04/10/2015

Guest country of the Hannover Messe violates freedom of religion

India must provide better protection for Christians and Muslims and guarantee freedom of religion

The Society for Threatened Peoples (STP) accuses India, this year's guest country of the Hannover Messe, of not granting the Christians and Muslims in the country their freedom of religion. "Since Prime Minister Narendra Modi took office in May 2014, attacks committed by Hindu nationalists against Christians and Muslims have increased by 55 percent," criticized Ulrich Delius, the STP's Asia-consultant. "Asia's largest democracy must take the protection of religious minorities seriously – or it will lose all its credibility concerning human rights issues. The Hindu nationalists are playing with fire. This could lead to an increase of violence and destabilize the entire sub-continent." The STP has asked Chancellor Angela Merkel to demand better protection for Christians and Muslims in India during her talks with the Indian Prime Minister.
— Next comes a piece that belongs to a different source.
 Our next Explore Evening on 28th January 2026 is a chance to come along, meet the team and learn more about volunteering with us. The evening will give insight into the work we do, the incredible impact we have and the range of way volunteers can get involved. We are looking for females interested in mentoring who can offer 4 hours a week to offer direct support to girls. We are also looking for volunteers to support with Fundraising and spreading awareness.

More than 600 of such attacks were reported in India during Modi's previous term of office – 454 against Muslims and 152 against Christians. Hindu nationalists expressed threats against religious leaders and believers, there were interruptions of fairs and funerals, Christians were forced to renounce their faith and churches were vandalized. In March 2015, a 70-year-old nun who had tried to protect her younger sisters from radical Hindus was raped. Most of the attackers go unpunished, because the police tend not to go to much trouble in their investigations – and witnesses are often not willing to testify against Hindu nationalists for fear of reprisals.
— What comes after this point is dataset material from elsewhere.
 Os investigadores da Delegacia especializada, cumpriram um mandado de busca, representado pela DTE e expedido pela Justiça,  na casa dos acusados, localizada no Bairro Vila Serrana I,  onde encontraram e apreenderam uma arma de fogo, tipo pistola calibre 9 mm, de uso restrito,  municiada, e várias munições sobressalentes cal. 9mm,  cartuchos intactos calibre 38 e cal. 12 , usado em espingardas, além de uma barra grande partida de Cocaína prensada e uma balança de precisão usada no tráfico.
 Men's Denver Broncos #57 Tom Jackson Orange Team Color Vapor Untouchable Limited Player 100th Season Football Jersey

About a quarter of the attacks are physical attacks against people. Clearly, there is an increase of violence against women. About half of the incidents are intimidations, threats and coercion. For example, a prayer group was forcibly broken up by Hindu extremists in Faridabad (Haryana) on March 8, 2015. A group of 700 furious Hindu had prevented the burial of a deceased Christians in a nearby village only two days before. About 25 percent of the registered attacks affect property, buildings or facilities of the two religious minorities.
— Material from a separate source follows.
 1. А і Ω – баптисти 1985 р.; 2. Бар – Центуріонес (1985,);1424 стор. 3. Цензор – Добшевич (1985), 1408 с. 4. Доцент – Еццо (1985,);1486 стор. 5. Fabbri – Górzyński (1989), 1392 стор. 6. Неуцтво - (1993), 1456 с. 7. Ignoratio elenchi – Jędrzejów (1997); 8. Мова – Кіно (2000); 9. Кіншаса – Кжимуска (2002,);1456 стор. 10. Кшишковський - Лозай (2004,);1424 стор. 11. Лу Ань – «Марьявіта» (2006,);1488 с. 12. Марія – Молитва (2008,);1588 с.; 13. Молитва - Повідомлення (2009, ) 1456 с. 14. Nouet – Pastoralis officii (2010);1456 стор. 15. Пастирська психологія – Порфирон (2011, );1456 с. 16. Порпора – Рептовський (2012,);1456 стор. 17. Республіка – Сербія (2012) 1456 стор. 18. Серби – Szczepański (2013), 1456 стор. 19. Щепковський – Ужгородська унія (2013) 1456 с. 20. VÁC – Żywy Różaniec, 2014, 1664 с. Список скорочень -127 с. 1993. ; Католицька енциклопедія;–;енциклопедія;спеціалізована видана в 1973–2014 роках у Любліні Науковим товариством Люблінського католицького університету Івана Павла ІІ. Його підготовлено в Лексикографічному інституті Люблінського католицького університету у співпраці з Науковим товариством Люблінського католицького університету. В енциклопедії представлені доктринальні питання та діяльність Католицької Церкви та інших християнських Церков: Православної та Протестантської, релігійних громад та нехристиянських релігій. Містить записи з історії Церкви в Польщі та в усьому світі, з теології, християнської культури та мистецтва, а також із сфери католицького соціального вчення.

"Non-Hindus feel more and more marginalized," said Delius. "They suffer from the climate of violence. Although the Christian churches in India can look back on a history of more than 1500 years, an apocalyptic mood is now spreading among the believers. Hindu nationalists are trying to install Hinduism as the state religion, denigrating other faiths as 'foreign' religions."

About 80 percent of the 1.2 billion Indians are Hindu, 14 percent are Muslims and 2.3 percent are Christians (about 1.6 percent of the entire population are Catholics).